La invasión de las liebres. Sensación.
La pleamar llenó de uvas verdes
la boca de María, sus cabellos descoloridos se enredaban entre algas y medusas
que herían los brazos de los nadadores que salieron a salvarla.
Todos se ahogaron, impotentes
ante la fuerza de la marea, sus cabezas aparecían y desaparecían entre la
espuma de las olas.
La esperanza, no.
Encendimos una hoguera bajo la
higuera al borde de la playa, rezamos y cenamos, los vagabundos no se acercaban
por miedo a los perros y a nuestra mala fama.
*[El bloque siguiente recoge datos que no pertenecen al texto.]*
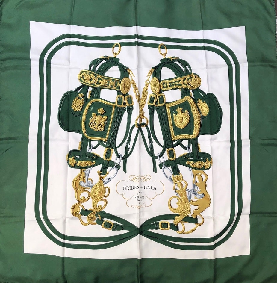 A beautiful Hermès Brides de Gala racing green scarf. This scarf was designed by Hugo Grygkar and first issued in 1957. Large racing green colour border, green and gold with a soft off-white background with horsebit equestrian design. It is a beautiful classic and dramatic design ‘Must-Have an investment piece’. One of the Queen favourite Hermès headscarf, Queen’s Diamond Jubilee: Her Majesty’s best accessories in practical, yet chic, fashion for decades. This essential Hermès accessory complements any outfit. It can be worn in many ways – around your neck, as a top, at your waist or as a headscarf!

Pintamos su nombre en la fachada
amarilla de la casa de siempre, donde estuvo el bar.
Nos bañamos desnudos y el frío
nos mordía la barba y las nalgas.
Sabíamos del tiempo de la
vendimia pero nos demoramos en funerales y ceremonias, ella era la primera y
quisimos honrarla con fuego y con vino, alimentamos su memoria sabedores de
nuestra pronta amnesia.
Al amanecer salimos hacia la
cordillera, nos perdimos entre la niebla y los pinos, nadie hablaba, el dolor
del desencanto aprisionaba nuestras piernas.
Tres semanas después supimos
que los bosques se habían quemado, nada supimos de las liebres.